The Fed said it would announce details later this week of a new term financing arrangement for loans made under what is known as the Payroll Protection Program, part of the federal response to the economic effects of the coronavirus pandemic.
Term financing facilities have been a staple of the Fed’s crisis response, encouraging banks to make loans for a variety of purposes with the understanding that they could turn them over to the central bank, get cash and continue lending.
The program is similar to the arrangement the U.S. government has with mortgage agencies like Fannie Mae and Freddie Mac, whose stamp of approval on a loan makes banks more willing to lend.
In this case the very existence of the Fed program – assuring banks they could unload the Small Business Administration loans when they want – could make the program more attractive to lenders, given the fees of up to 5% banks can earn for what now amounts to processing the paperwork.
The Payroll Protection Program is one of the key measures adopted as part of a more than $2 trillion effort to offset the economic impact of the coronavirus crisis, which has forced large portions of the U.S. economy to shutter. It dedicates $350 billion for loans so small businesses can keep paying workers and meet basic expenses like rent.

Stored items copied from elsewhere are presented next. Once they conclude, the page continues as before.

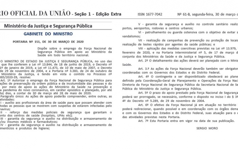 Uma portaria do ministro da Justiça e Segurança Pública, Sérgio Moro, autorizou nesta segunda-feira (30) o emprego da Força Nacional de Segurança Pública para dar apoio ao Ministério da Saúde nas ações de combate ao novo coronavírus.
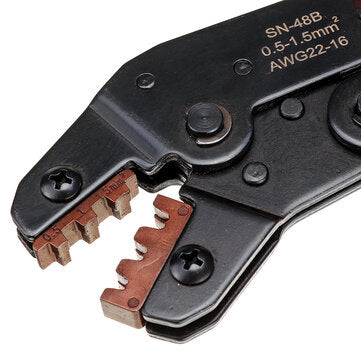 Feature: - This heavy duty wire crimping tool has a ratcheting mechanism design, you can take less strength to make a good crimp. - This ferrule wire crimper kit comes with wire connectors and a ratcheting crimper.? - The crimping size is AWG22-16(0.5-1.5mm2). - The crimping end is removable, and there are two screws on it, you can take a replacement of the dies for different types of crimp on ends.
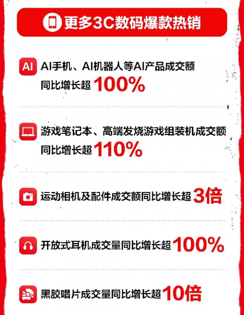 此外,3C数码全品类销售表现亮眼。随着AI相关技术和产品的普惠升级,京东包括AI手机、AI机器人等在内的AI相关商品销售成为黑马,成交额同比增长超100%。除此之外,发烧友惊喜日当天,运动相机及其配件成交额同比增长超3倍,游戏笔记本、高端发烧游戏组装机成交额同比增长超110%,开放式耳机成交量同比增长超100%,涌现出众多明星爆品,带动多个品类销售的强势增长;黑胶唱片成交量同比增长超10倍,显示出在京东拍卖相关商品的带动下,同品类关联销售增长的巨大潜力。
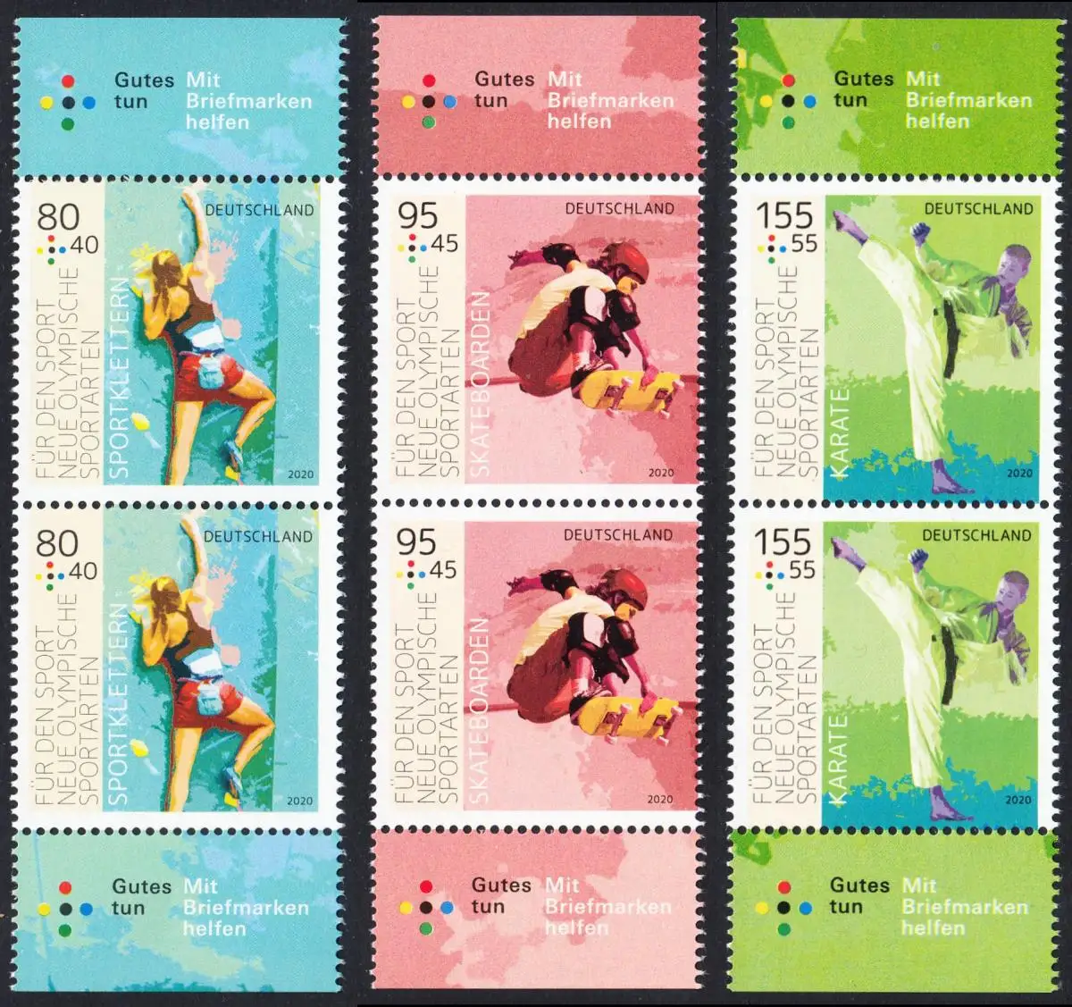 BUND 2020 Michel-Nummer 3542-3544 postfrisch SATZ(3) vert.PAARE RÄNDER oben/unten
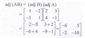 (iii) A என்பது n வரிசையுடைய ஒரு சதுர அணி மற்றும் λ என்பது ஒரு திசையிலி எனில் adj (λA) = λn adj (A) .
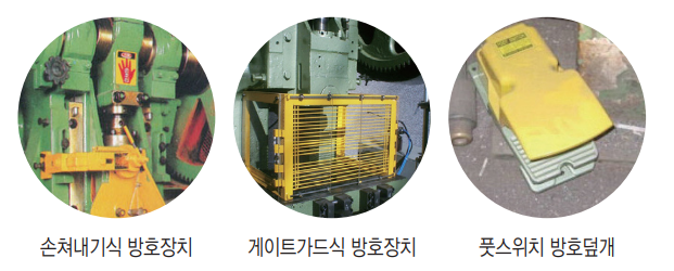 - 방호장치 - 프레스의 종류는 다양하고 생상하는 제품의 따라 작업특성이 다르기 때문에 두 종류 이상의 방호장치 설치
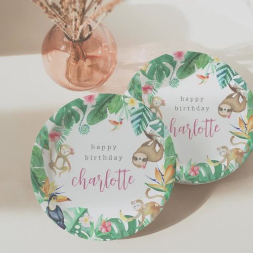 Ställ in scenen för ditt barns kallaste tropiska djungelns temade födelsedagsfest med dessa färgstarka pappra blöjor av personlig. Konstruktionen av öar har monstera löv och grönt vattenfärgsblad med apor, en slav, en hummerfågel och en papegoja. Färgstarka accenter för tropisk blommigt kompletterar utformningen. Anpassa med ditt barns namn i ett slitande skript för rosa, tillsammans med party tillfälle.
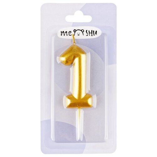 Свеча для торта с держателем MESHU "Цифра 1", 6см, золотая, блистер (MS_59891), 12 уп.
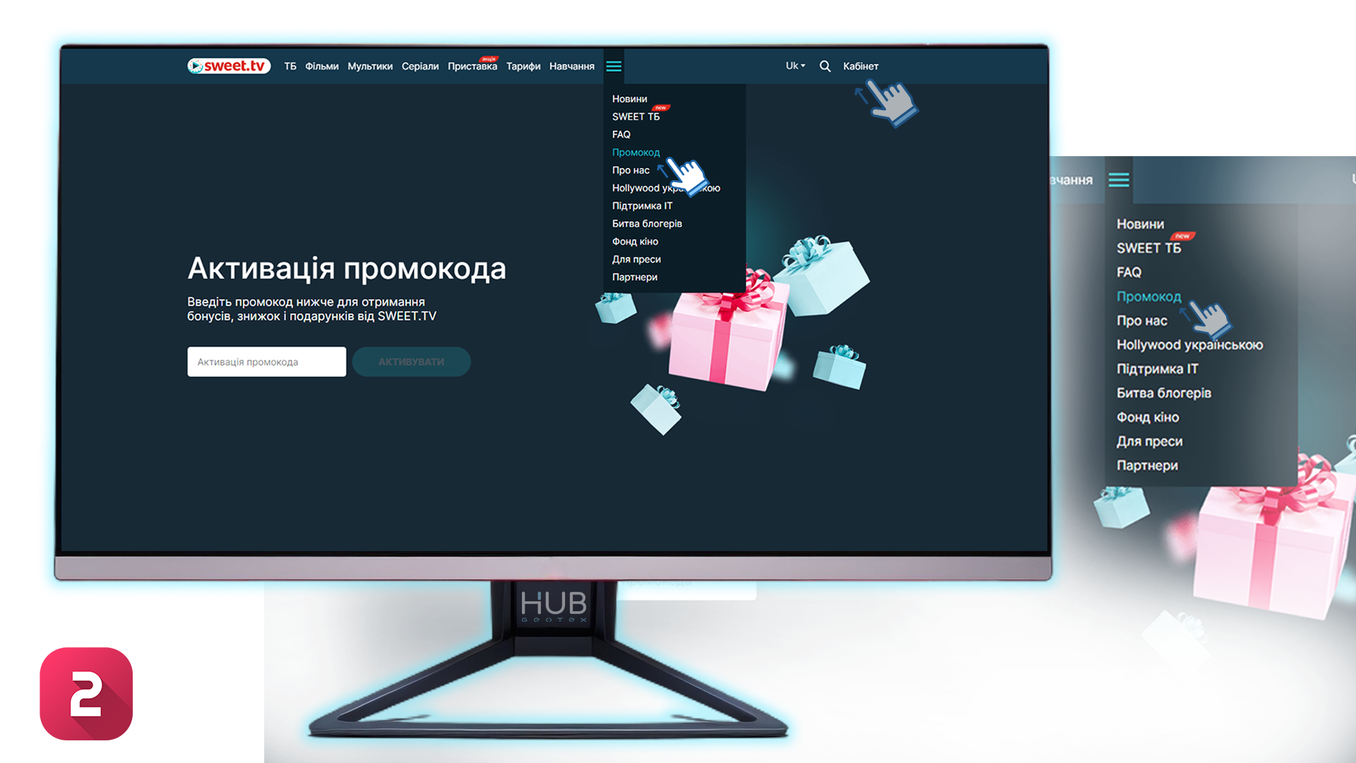 Наприклад, за допомогою сервісу "Безкоштовні промокоди" від GTX HUB - ви з цим кодом можете активувати 1 місяц перегляду Sweet.tv.

The rollout of the program has been fitful, however. Some bankers have said they remain unclear about their potential risks if the loans go bad – even though the Treasury Department has said it would guarantee them in most instances. Bankers also have been concerned about holding onto the 1% interest loans even though the Treasury last week said they could be sold back to the SBA after seven weeks.
The Fed is working on a separate Main Street Lending Facility expected to focus on mid-sized employers with between 500 and 10,000 workers.
Fed Chair Jerome Powell is to provide an update on the economy on Thursday in a webcast speech hosted by the Brookings Institution, a Washington-based think tank.